So far, AAT gives us vocabulary for a single architectural state and operations acting on it.

But in AI-assisted development, the central issue is not only a single operation. Requirements, existing code, review, CI, and AI agents change which operation is likely to be selected next, and this selection is repeated many times.

So we need to view AAT operations not only as one-time proof targets, but also as transformations repeatedly selected over time. This is where a chaos-game-like reading enters.

Formalizing Attractor Dynamics

From here, I use AAT vocabulary to rewrite "field", "force", "dissipation", and "observation" in a more mathematical form.

This is not merely a metaphor that says "AI development is kind of like a chaos game". It is an attempt to place PR force, operation support, trajectory, and basin candidates on top of the AAT vocabulary of state, operation, invariant, obstruction, proof obligation, certificate, and signature.

At this stage, I should be careful: this is not a finished theorem of real-world software development. It is a way to organize phenomena that practitioners can feel, in a structure that may eventually support measurement and verification.

The minimal loop of the dynamics can be read as follows:

architecture field
  -> operation distribution
  -> accepted / rejected transitions
  -> signature trajectory
  -> updated architecture field

The position is that architecture quality is not only a property of a snapshot. It is also a property of the future operation distribution and the signature trajectory.

1. State, Operation, Observation

Let the architectural state be X_t.

Feature addition, repair, split, protection, migration, and refactoring are operations acting on that state.

X_{t+1} = op_t(X_t)

The operation op_t is not selected uniformly at random.

The current codebase, requirements, prompt, review policy, CI, design boundaries, and organizational judgment all change which operations are likely to be selected.

op_t ~ P(operation | X_t, control_t)

This probability expression is notation for the practical reading. The formal core of AAT is not a probability distribution. It is finite or bounded operation support, bounded scripts, accepted transition predicates, and explicit preservation assumptions.

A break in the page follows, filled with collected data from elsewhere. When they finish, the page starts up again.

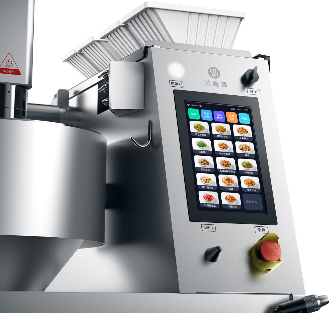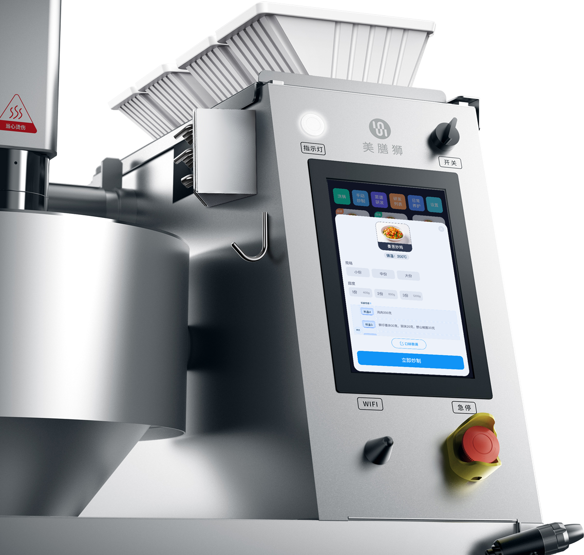 不同于其他同类产品,美膳狮通过先进的控制系统与自研炒制算法。可以完全掌控炒制过程中菜品的变化,并精准控制炒制节奏,保证出品远超行业标准,在磐石机芯的加持下,炒制过程中的温差不超1%,高猛活力稳定持久。
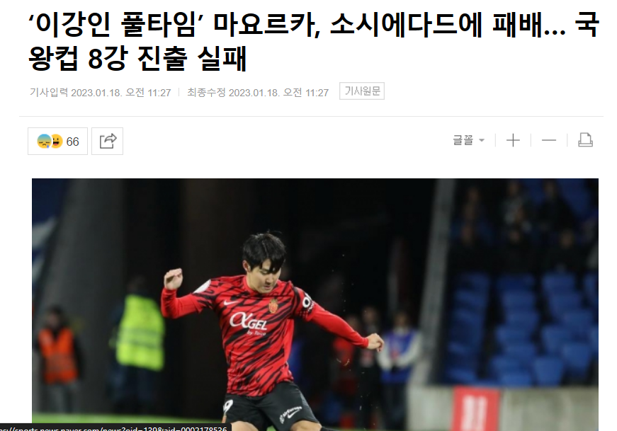 「イ·ガンインフルタイム」マジョルカ、ソシエダードに敗北… ●国王杯、ベスト8進出に失敗
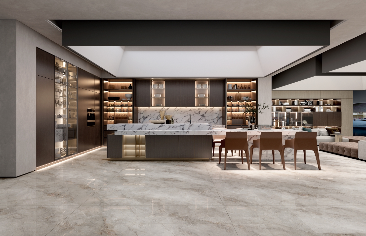 繾綣靈動的紋理,深淺灰線條的自然游動,鎏金褐色線紋點綴其中,與空間相得益彰,傳達(dá)出匹配現(xiàn)代極簡的調(diào)性美感。(任意無限連紋)
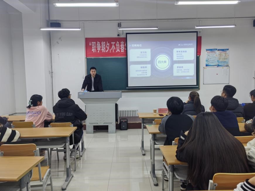 为切实推进学院2024届毕业生高质量就业,搭建学生与用人单位的沟通对接桥梁,3月25日下午,经济管理学院在明理楼0368举办“职争朝夕,不负春华”2024年就业宣讲会暨鲁南制药集团股份有限公司招聘宣讲会,本次宣讲会采用“线上+线下”方式同时进行,学院100余名学生参加宣讲会。
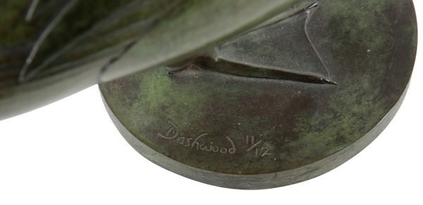 perched on one leg, on a circular bronze base, signed 'Dashwood no. 11/12', 25cm high x 42cm wide
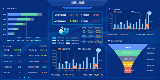 經(jīng)營大數(shù)據(jù)、銷售大數(shù)據(jù)、商品大數(shù)據(jù)、客戶大數(shù)據(jù)、營銷大數(shù)據(jù),通過可視化看板實時呈現(xiàn),經(jīng)營狀況一目了然

In Lean, for example, operation support is represented not as a probability distribution, but as a finite list of candidate operations for each state.

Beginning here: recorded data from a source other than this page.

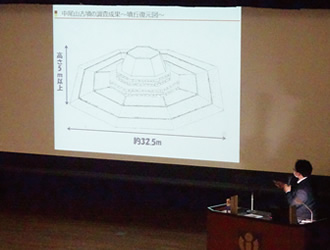 昨年12月13日に開かれた講座では関西大学文学部、西本昌弘教授が「飛鳥京跡苑池を考える」と題して講演しました。苑池は飛鳥宮の庭園跡で、中国などの影響を受け、斉明女帝が宮殿に隣接して建設。西本教授はこうした建造物の歴史的意義について説明しました。
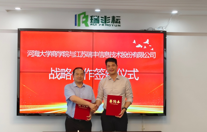 为进一步深入推进校企合作、产教融合,实现校企双方优势互补、共同推进人才培养和产业创新。8月1日上午,永利官网与江苏瑞丰信息技术股份有限公司(简称“瑞丰耘”)签署战略合作协议。永利官网院长张长征、副院长张可和瑞丰耘董事长蔡成委、总经理丁永华、副总经理高素红出席签约仪式。
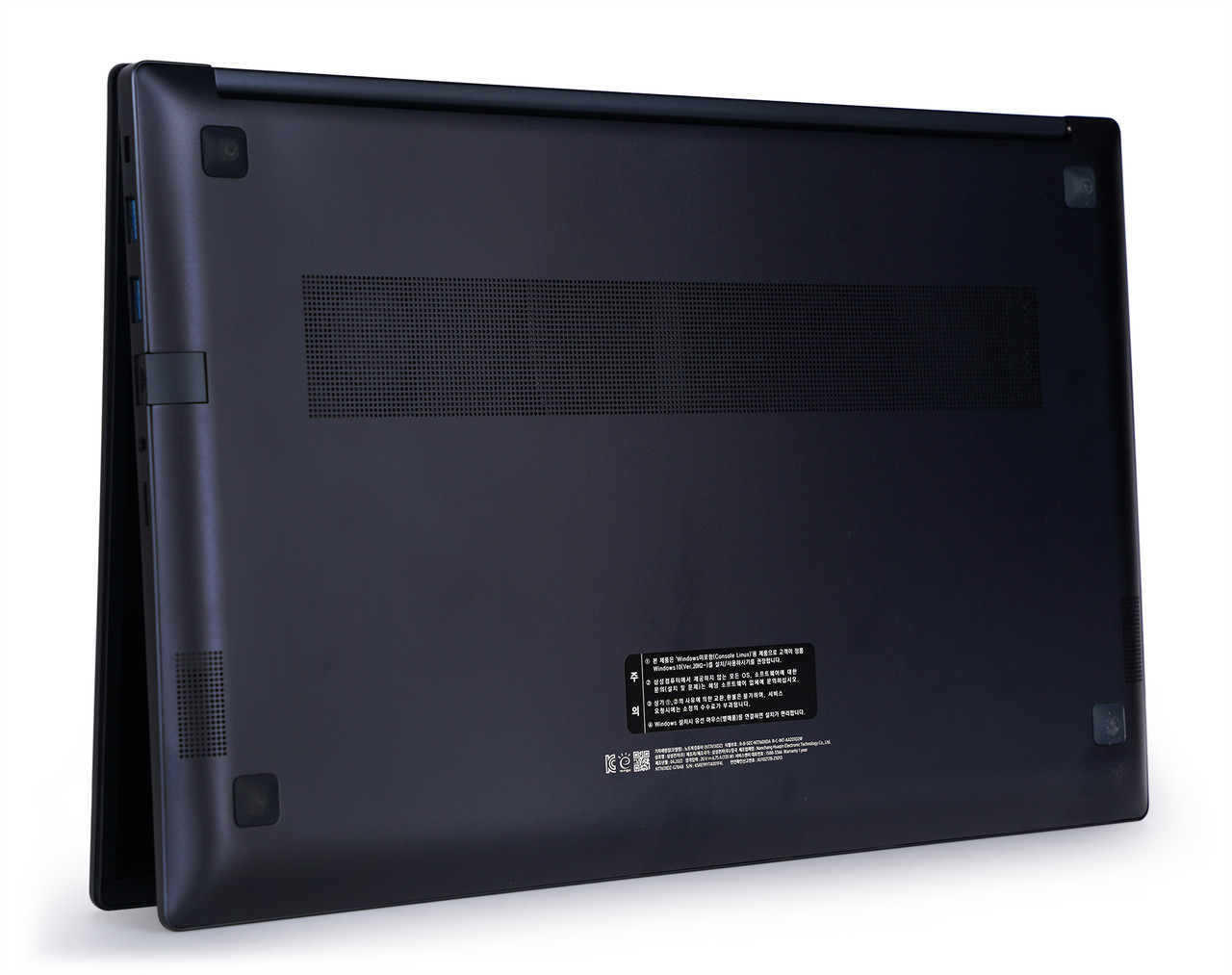 두께는 기존 갤럭시북이 15.4mm면 갤럭시북 NT761XDZ-G78A는 17.7mm로 고작 2.3mm 차이나는 정도다. 재질은 풀메탈답게 전원이 꺼진 상태에서 손을 대면 상당히 시원하다. 상판은 무광 색상이며, 지문은 묻긴 묻는데 잘 닦인다.

structure FiniteOperationKernel
    (State : Type u) (OperationId : Type w) where
  support : State -> List OperationId
  coverageAssumptions : Prop
  weightSourceBoundary : Prop
  normalizationBoundary : Prop
  nonConclusions : Prop

Weights, normalization, and completeness of AI-generated proposals are not mixed into the theorem here. Boundaries such as weightSourceBoundary and normalizationBoundary record what is outside the formal claim, and the probabilistic reading remains outside that core.

Likewise, repeated operation sequences are first treated as bounded scripts.

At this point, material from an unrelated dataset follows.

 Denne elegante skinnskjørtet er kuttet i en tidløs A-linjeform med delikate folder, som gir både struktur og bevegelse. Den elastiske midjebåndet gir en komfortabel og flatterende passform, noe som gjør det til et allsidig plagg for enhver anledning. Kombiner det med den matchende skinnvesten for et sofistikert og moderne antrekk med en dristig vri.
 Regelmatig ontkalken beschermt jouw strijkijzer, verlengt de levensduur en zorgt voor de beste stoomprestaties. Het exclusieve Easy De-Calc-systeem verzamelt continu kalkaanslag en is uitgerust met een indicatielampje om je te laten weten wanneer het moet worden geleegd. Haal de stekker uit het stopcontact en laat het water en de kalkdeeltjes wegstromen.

structure BoundedOperationScript (OperationId : Type w) where
  operations : List OperationId
  operationFamily : OperationId -> Prop
  operationsInFamily :
    ∀ op, op ∈ operations -> operationFamily op
  coverageAssumptions : Prop
  nonConclusions : Prop

This boundary helps avoid confusing probabilistic interpretation with preservation claims over finite support.

Instead of observing the entire state directly, we map it into signature space through an observation function Obs.

sigma_t = Obs(X_t)

This sigma_t is the Architecture Signature.

It contains multi-axis observations such as dependency direction, boundaries, abstraction, runtime exposure, and semantic mismatch.

In Lean, even the observation itself is packaged. The package contains not only the observation function, but also coverage and non-conclusion boundaries.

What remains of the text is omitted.